You will tune the max_features and max_samples parameters of IForest using a sample of the Big Mart sales data.

In [None]:
max_features = [0.6, 0.8, 1]
max_samples = [0.8, 0.9, 1]
scores = dict()

for mf, ms in product(max_features, max_samples):
    # Instantiate an IForest
    iforest = IForest(max_features=mf, max_samples=ms, n_jobs=-1, contamination=.25, random_state=1)
    
    # Get the inliers with the current IForest
    inliers = evaluate_outlier_classifier(iforest, airbnb_df)
    
    # Calculate and store RMSE into scores
    scores[(mf,ms)] = evaluate_regressor(inliers)
    
print(scores)

# Alternative way of classifying with IForest
Until now, you have been using the .fit_predict() method to fit IForest and generate predictions simultaneously.
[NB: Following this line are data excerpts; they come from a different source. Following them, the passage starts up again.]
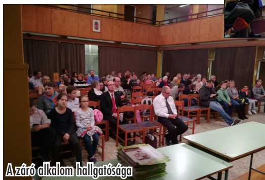
A záró alkalom hallgatósága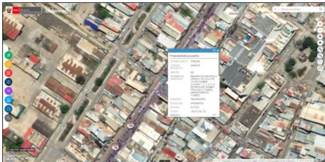
Ubicación de la Inversión con CUI 2595230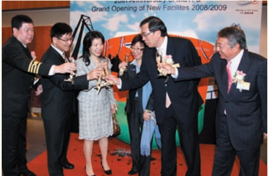
海事訓練學院二十周年暨新設施開幕典禮。

航海獎勵計劃推出以來，已吸引一百二十名青年參加。在航海獎勵計劃下，至今已有一百一十一名甲板實習生及二十九名輪機實習生完成訓練；四十五名甲板實習生及七名輪機實習生仍在接受訓練。航海業並不只由男士專美，現時已有八名女士參加了航海獎勵計劃。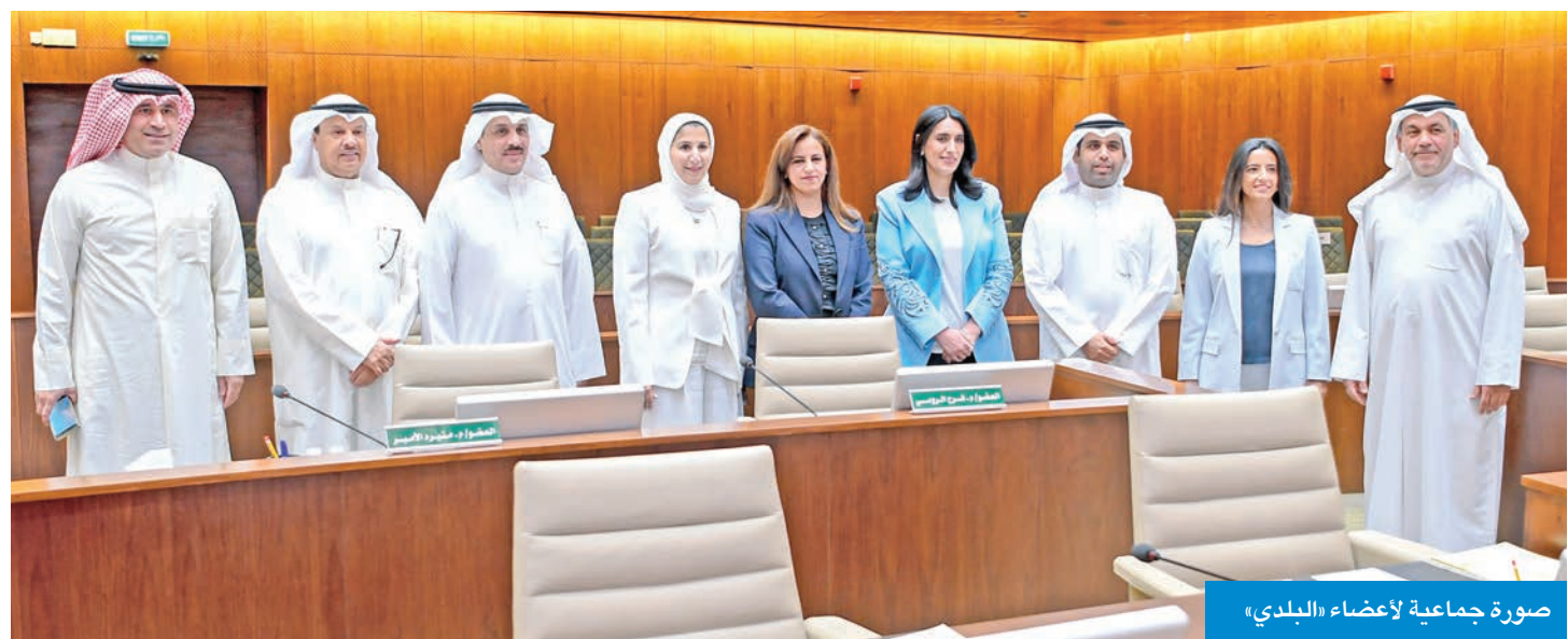
صورة جماعية لأعضاء «البلدي»

المجلس وافق على استحداث طريقين في اللباج و«الصباحية»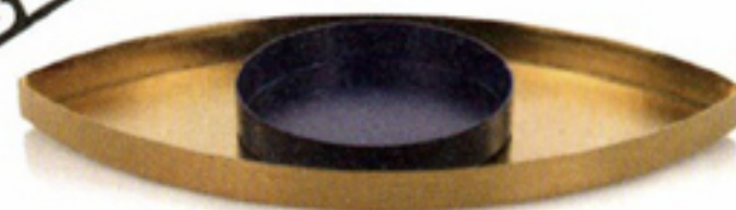
'The eye' schaalset van 2 € 35 DOIY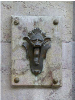
Façade ouest, rez-de-chaussée, détail sonnette entrée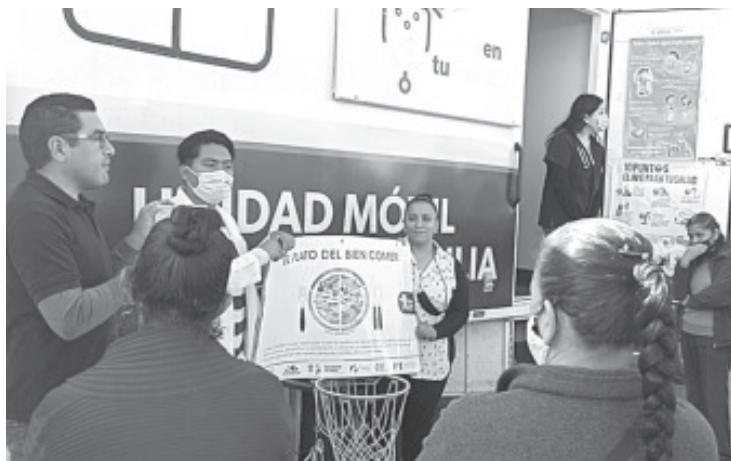
El módulo móvil del programa “Salud en tu casa” llegó al municipio y a través de la unidad móvil en la plaza central se hicieron activaciones físicas así como detección de glucosa, diabetes e hipertensión en personas adultas mayores.

Ambos exhortaron a la población a llevar estilos de vida saludable, esto incluye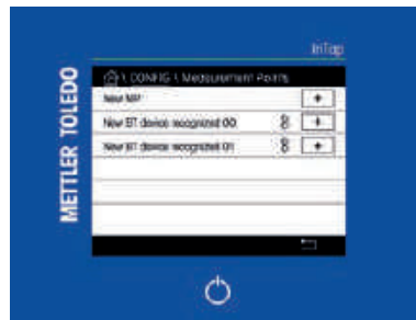
편리한 데이터 관리 기능이 제공되는 터치스크린 인터페이스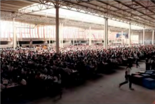
1992 - Jornada en Feria de muestras de Bilbao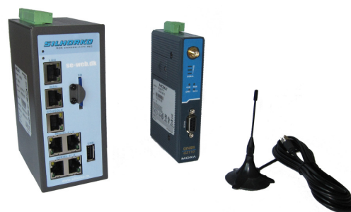
Webserver, GSM modul og antenne

Du har brug for en webserver – den leverer vi og installerer på selve vandværket. På webserveren ligger din styringsløsning, som vi har designet ud fra de krav vi sammen har været med til at opstille. Du skal efterfølgende sikre dig adgang til internettet via valgfri internetudbydere. Herefter er du online!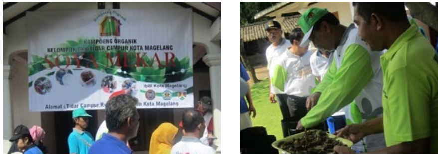
Gambar 6. Peresmian Kampung Organik Soya Mekar oleh Walikota Magelang

Kampung organik Soya Mekar di Tidar Campur pada tanggal 1 Juni 2014 diresmikan oleh Walikota Magelang sebagai kampung organik ketujuh yang telah dibentuk di Kota Magelang. Peresmian dilaksanakan pada saat Walikota Magelang melaksanakan kegiatan blusukan dari kampung ke kampung , dan ditandai dengan penanaman bibit bunga sedap malam oleh Walikota dan istri serta wakil walikota.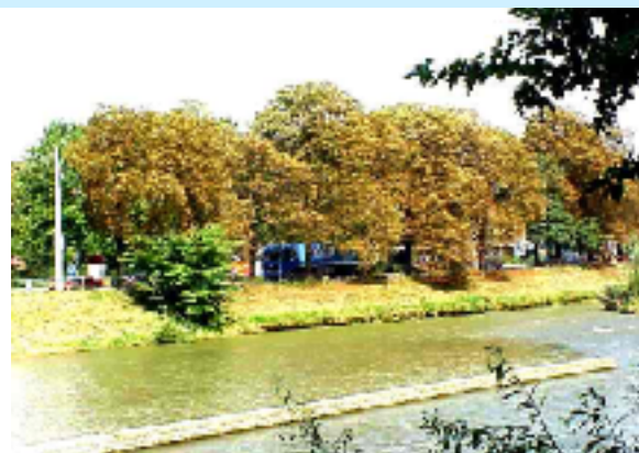
Befall durch die Rosskastanien-Miniermotte im Spätsommer

Verfärbt sich das Blattwerk der Rosskastanie ( Aesculus hippocastanum ) bereits im Sommer braun, so können verschiedene Einflüsse dafür verantwortlich sein. Streusalzschäden sowie Trockenheit, aber auch der Blattbräune-Pilz Guignardia aesculi erzeugen aus der Ferne betrachtet ein nahezu identisches Krankheitsbild wie ein Befall durch die Rosskastanien-Miniermotte Cameraria ohridella . Dieser Kleinschmetterling ist erst kürzlich aus dem Osten zugewandert und breitet sich zur Zeit in Mitteleuropa aus. Am gleichen Baum können gleichzeitig die Miniermotte, der Blattbräune-Pilz und Salzschadenssymptome vorhanden und in unterschiedlichem Ausmass für die Blattverfärbungen verantwortlich sein.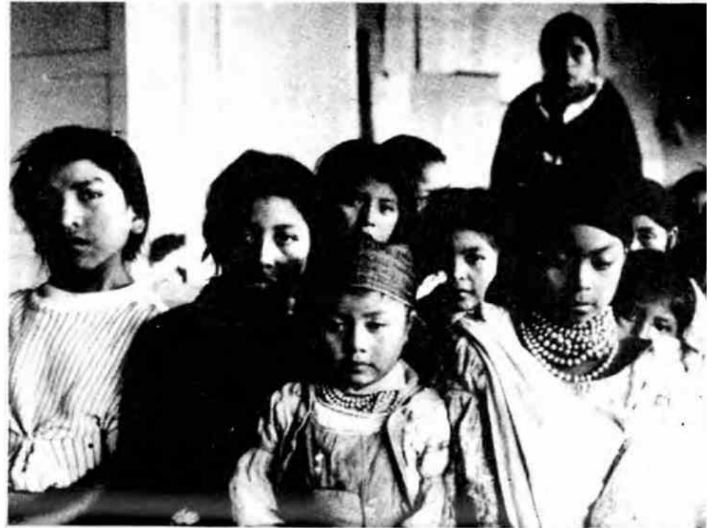
Niños de la sierra en la escuela

Wiracocha : Nombre de un dios de la mitología inca. Era un dios que vendría por el mar.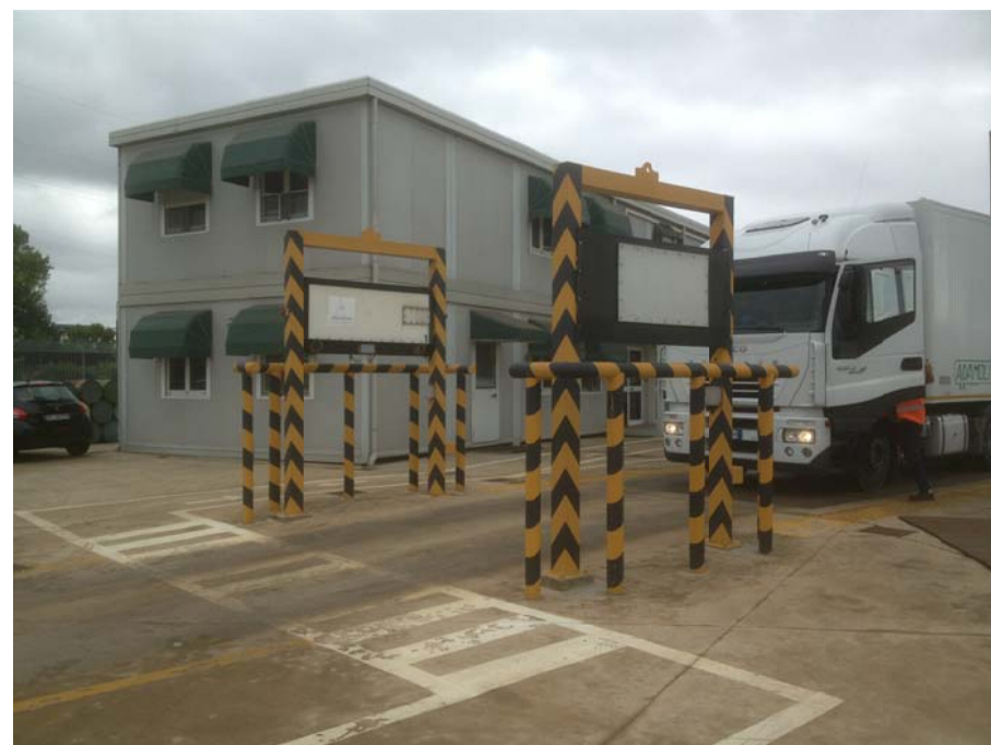
FOTO 2 - CONO DI VISUALE VERSO NORD-OVEST (portale rilevazione radioattività)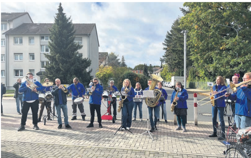
Die Nodebabbscher der Elf Babbscher waren vor Ort und sorgten für die musikalische Umrahmung.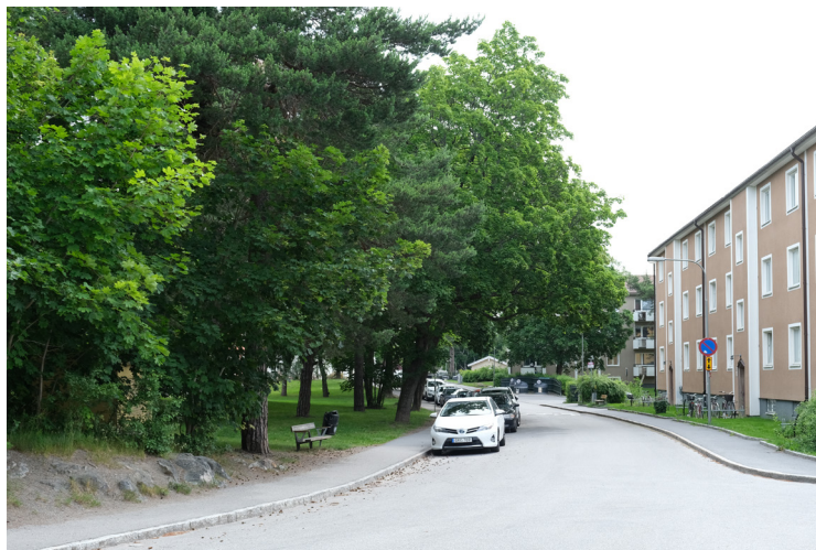
Planterade lönnar utgör karaktärsträd längs Bäckaskiftsvägen.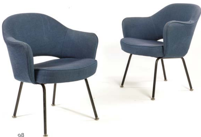
98 PAIRE DE FAUTEUILS à dossier dans le prolongement des accotoirs et assises garnis de mousse et recouverts de tissu bleu, le piétement en acier tubulaire laqué noir garnis de patins orientables Modèle «CONFÉRENCE» conçu par Eero SAARINEN (1910-1961) en 1959 Édité par KNOLL INTERNATIONAL Réédition 75 x 60 x 49 cm € 250 – 450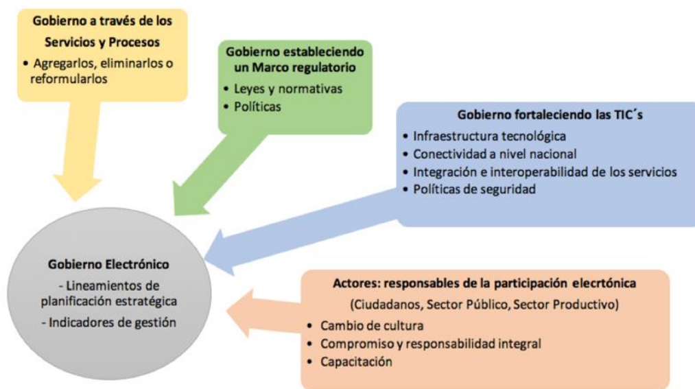
Figura 2. Componentes generales del Gobierno Electrónico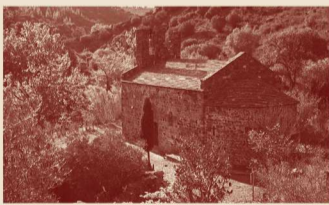
Dissabte, 16.11.24 Sant Silvestre de Valleta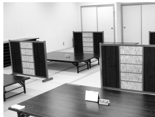
高齢者交流施設（ナナ・ビーンズのHPより）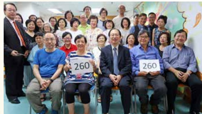
第 260 次晨曦祈禱會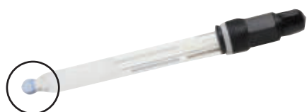
Sonde PH embout en verre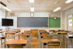
Une salle de classe

→ Activité 1 : regarde le début du clip. Barre le nom des lieux du collège que tu ne vois pas dans le clip.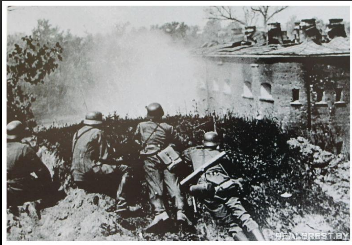
Штурм Брестской крепости

22 июня 1941 года армия Германии и ее союзников напали на СССР . Начался новый этап второй мировой войны . Ее главным фронтом стал советско-германский фронт, важнейшей составной частью-Великая Отечественная война советского народа против захватчиков.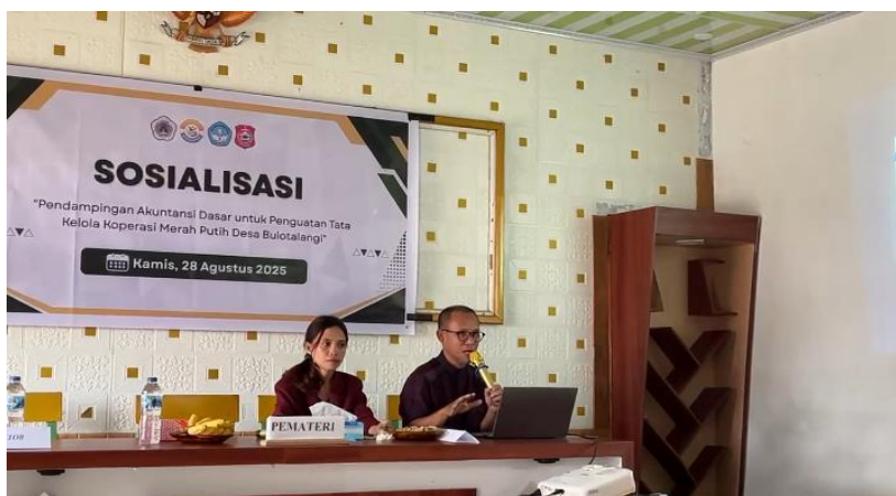
Gambar 2. Sesi Pemaparan Materi

Pelaksanaan kegiatan PkM dihadiri pengurus koperasi merah putih dengan latar belakang pendidikan yang beragam. Kegiatan ini diawali oleh pembukaan secara resmi dari aparat pemerintah desa Bulonthalangi. Tahap pelaksanaan dilakukan melalui metode ceramah, simulasi, dan diskusi interaktif. Pada sesi pemberian materi, peserta diberikan pemahaman mengenai pentingnya pengelolaan keuangan yang akuntabel dan transparan dalam mendukung keberlanjutan koperasi. Peserta juga memperoleh penjelasan konsep akuntansi sederhana mulai dari pencatatan transaksi hingga penyusunan laporan keuangan.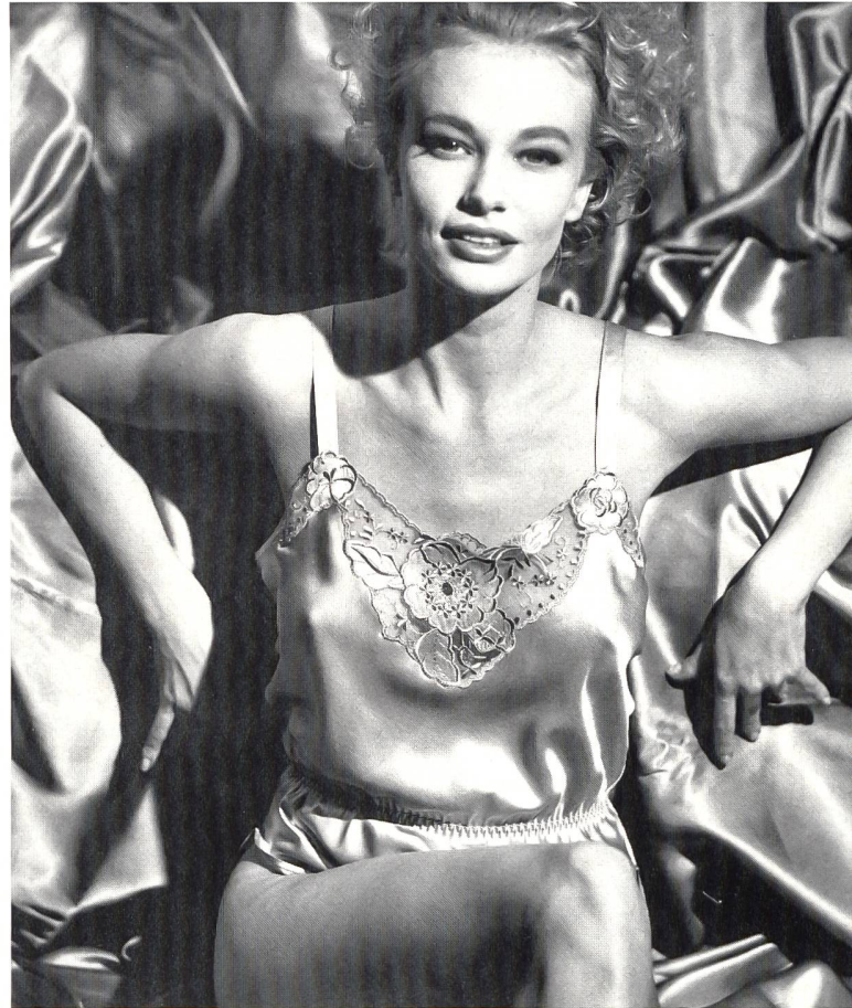
Forster Willi + Co. AG, St. Gallen Aufwendiger Stickerei-Einsatz mit Satinapplikationen auf Tüll für ein Seiden-Top. Modell Sawaco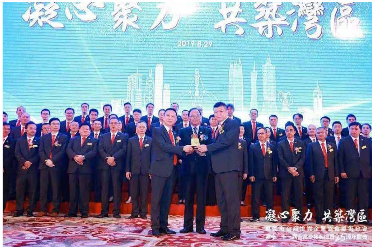
擔任東莞市台商投資企業協會厚街分會會長及東莞市台商投資企業協會常務理事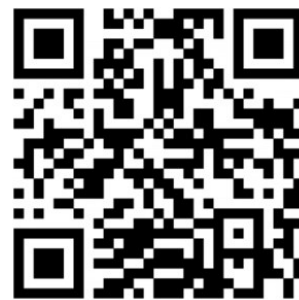
请扫描二维码了解详情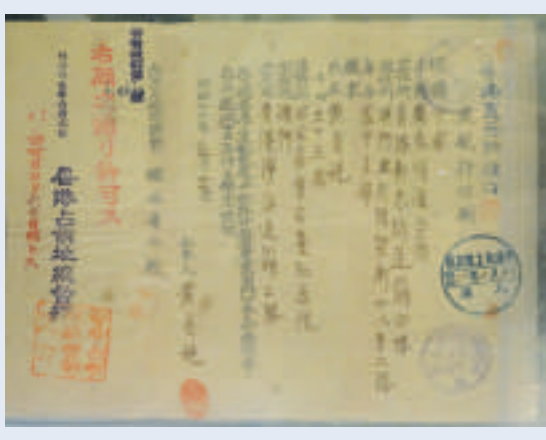
◀香港日佔時期的出入境許可證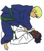
Morote-jime Tweezijdige verwurging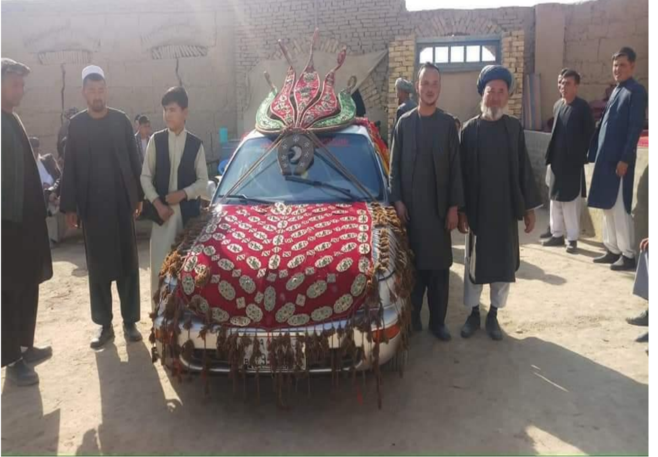
6) (Gül Poş) Gelini getirmek için süslenen Araba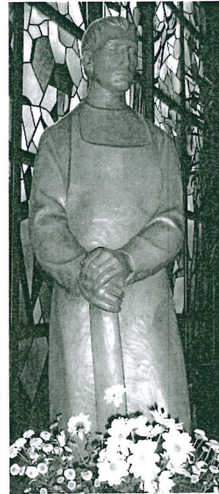
St. Josef, Heide

Seniorennachmittag: An jedem 2. Mittwoch im Monat um 15:00 Uhr in Heide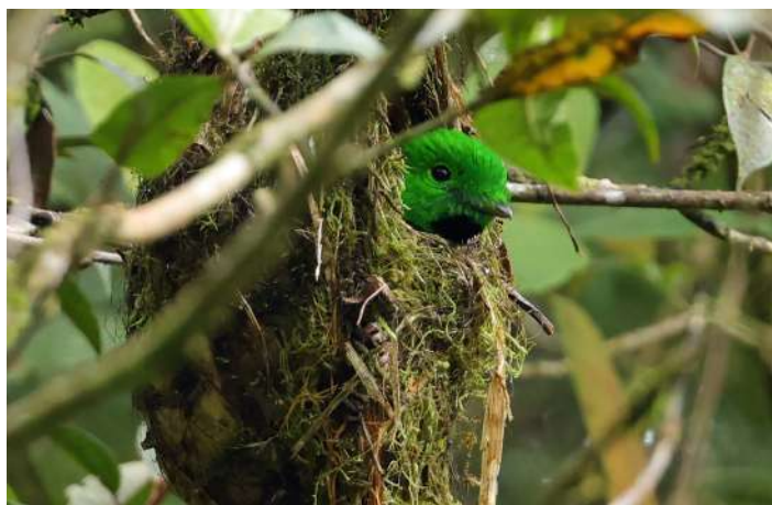
Whitehead's Broadbill.

Småregn. En stor flock med Mountain Blackeye kommer upp från dalen räknas till >105! Vi står under tak och väntar ut regnet och åker tillbaka till Liwagu-området. Där hittas Black-sided Flowerpecker och antligen en Fruithunter (hane)! En Hair-crested Drongo hängdes också in.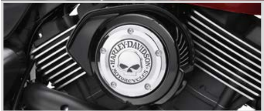
B. WILLIE G SKULL KOLLEKTION – LUFTFILTER-ZIERBLENDE – CHROM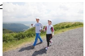
【トレッキング風景】

一般的なカロリーダイエット法では、食事制限(カロリー制限)を主とするため、継続性やダイエット後のリバウンド等に課題があるのに対して、本ダイエットプログラムは、糖質をコントロールして、美味しいものを食べながら健康的に痩せる方法である。また阿蘇ならではの標高差を活用した運動プログラムや温泉保養も盛り込んだ“全国初”の、効率的で持続性の高い『楽しく痩せて、美味しく痩せる』ダイエットプログラムである。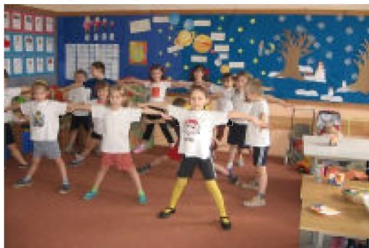
Gimnastyka w rytm wierszyka - pokaz ćwiczeń w wykonaniu dzieci z oddziału przedszkolnego

Współczesna bariatria, czyli dział medycyny, który zajmuje się leczeniem otyłości, zwraca uwagę, że jest to schorzenie złożone. Jego przyczyną mogą być czynniki hormonalne lub metaboliczne, jednak najważniejsze są: niewłaściwe odżywianie i zbyt mała aktywność ruchowa.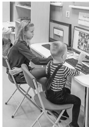
Онлайн-пазлы «Мультишный фиолетовый» пользовались успехом у посетителей.

Все, кто хотел попробовать свои силы в творчестве, посети-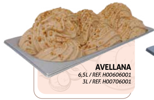
AVELLANA 6,5L / REF. H00606001 3L / REF. H00706001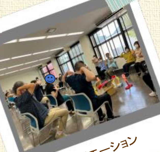
レクリエーション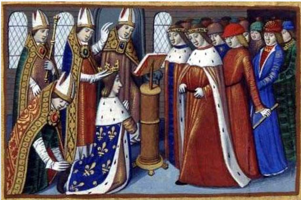
Коронация Карла VII в Реймсе

Но пока Карл не был коронован, он не считался законным королем. Жанна убедила его выступить в поход на Реймс — город, где издавна короновались французские короли. Весь путь до Реймса в 300 км армия прошла за две недели. Наследник престола был коронован в Реймском соборе. Вблизи короля со знаменем в руках стояла в рыцарских доспехах Жанна.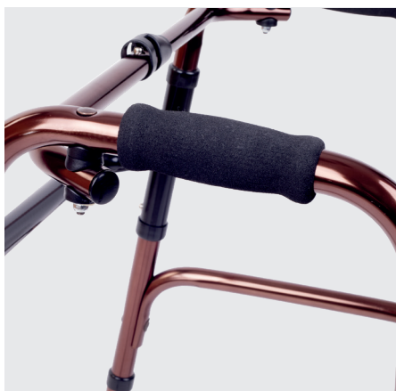
Empuñaduras de neopreno

However, pyod documentation suggests using the fit function first and accessing the inlier/outlier labels_ via a handy attribute.

In [None]:
iforest = IForest(n_estimators=200)

# Fit (only fit) it to the Big Mart sales
iforest.fit(big_mart)

# Access the labels_ for the data
labels = iforest.labels_

# Filter outliers from big_mart
outliers = big_mart[labels==1]

print(len(outliers))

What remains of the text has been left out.